When he returned to the pits, Schumacher was waiting to give him a huge hug. “I always got on well with Michael,” he says. “Yes, he was there for himself and very selfish – that’s why he won all those titles. But I felt his reaction to my success was absolutely genuine, which was nice. My bugbear was always [team principal] Flavio Briatore, who put all his weight behind Michael and never offered me any support at all – but that was his way and he achieved success for the team, so… He gave me a fake hug after my win and asked for my cap. Foolishly, that nice Johnny Herbert said ‘Yes.’ I wish I’d kept it, but by then I was in another world.

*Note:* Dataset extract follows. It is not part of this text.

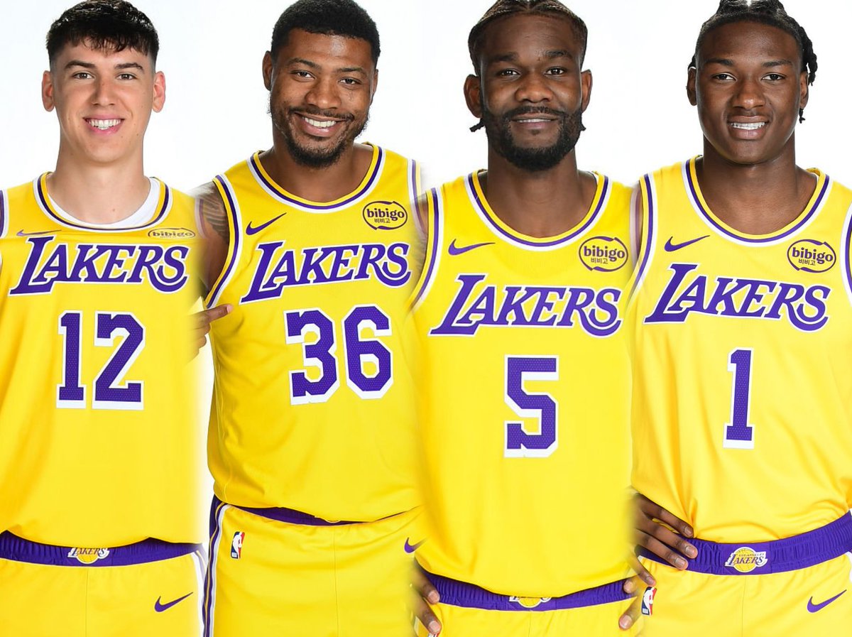 圖中的湖人四名球員是:杰克-拉拉維亞,馬庫斯-斯馬特,新援興奮德安德烈-艾頓和阿杜-蒂耶羅。最令

“There was a nice vibe and flow to the day after that, seeing lots of people I knew, and by the time I got home the house was covered in ‘Go Johnny Go’ banners and other celebratory bunting, which my wife Becky’s uncle had rigged up. I didn’t see my parents until quite a while after the race, because they were running a small stall selling my merchandise – I think business was quite good that day, which made them double-happy. They’d been flitting backwards and forwards, keeping an eye on one of the big screens while one of them looked after the stall behind the stands at Woodcote.”
The Hill/Schumacher collision and Coulthard’s penalty might have made things a little easier, but that’s not the same thing as ‘easy’. Particularly in this instance…
“For the last 10 or 15 laps I was quite literally screaming in the car whenever I braked, because of the pain from my feet,” he says. “I was never able to left-foot brake properly and as races progressed I’d have more and more problems with my right. One of my right toes was pretty much sliced off in the F3000 accident and, after they’d stitched it back on, a callus developed. With all the pressure you have to put on during a race – throttle, brake, throttle, brake – my foot just got super-sensitive, so I’d brake with my left foot for a lap, then back to my right until the pain returned.
“Screaming was my way of dealing with it. I had to do this for years but couldn’t tell a soul – certainly not the team, nor even my wife because I didn’t want her to worry. When I look back now, I’m grateful that I had the strength to battle through.”